• **The task**
Only the lines from the line containing "-bouquet con 24" to the end of the material belong in the copy; set them down exactly, without pictures.

• **Material provided**
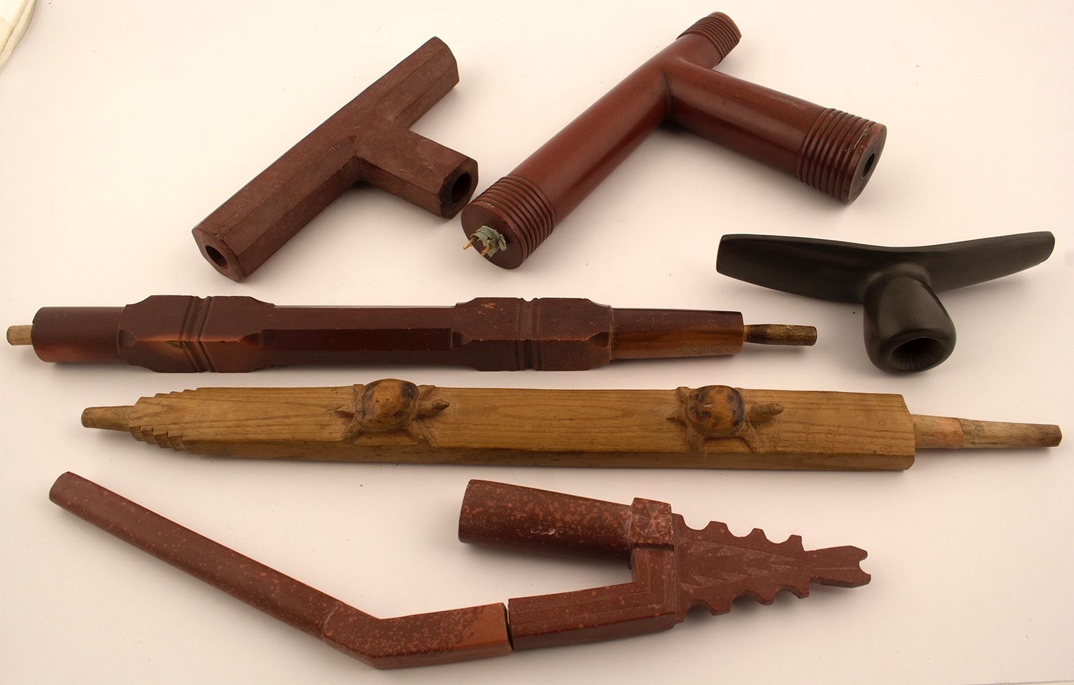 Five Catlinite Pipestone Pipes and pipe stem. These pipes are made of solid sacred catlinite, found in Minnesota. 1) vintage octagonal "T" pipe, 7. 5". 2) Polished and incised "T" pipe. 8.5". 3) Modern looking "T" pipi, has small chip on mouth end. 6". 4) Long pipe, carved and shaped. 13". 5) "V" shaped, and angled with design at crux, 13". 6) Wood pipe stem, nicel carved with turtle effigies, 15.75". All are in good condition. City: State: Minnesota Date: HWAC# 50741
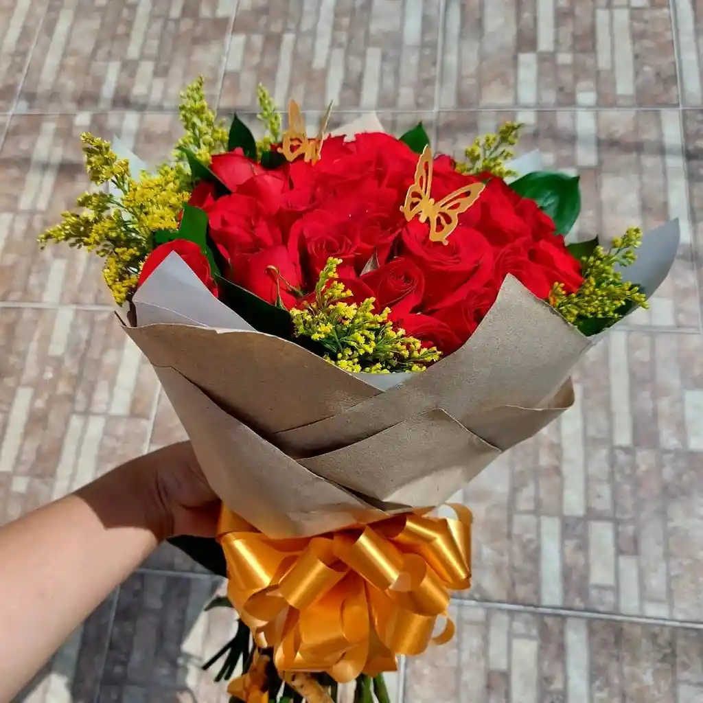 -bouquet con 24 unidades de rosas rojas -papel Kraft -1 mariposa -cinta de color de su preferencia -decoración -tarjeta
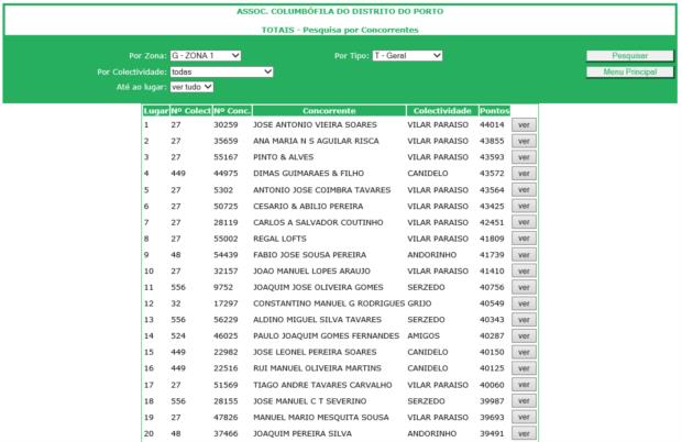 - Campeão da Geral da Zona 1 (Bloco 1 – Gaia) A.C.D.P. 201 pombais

• **Written answer**
 -bouquet con 24 unidades de rosas rojas -papel Kraft -1 mariposa -cinta de color de su preferencia -decoración -tarjeta
 - Campeão da Geral da Zona 1 (Bloco 1 – Gaia) A.C.D.P. 201 pombais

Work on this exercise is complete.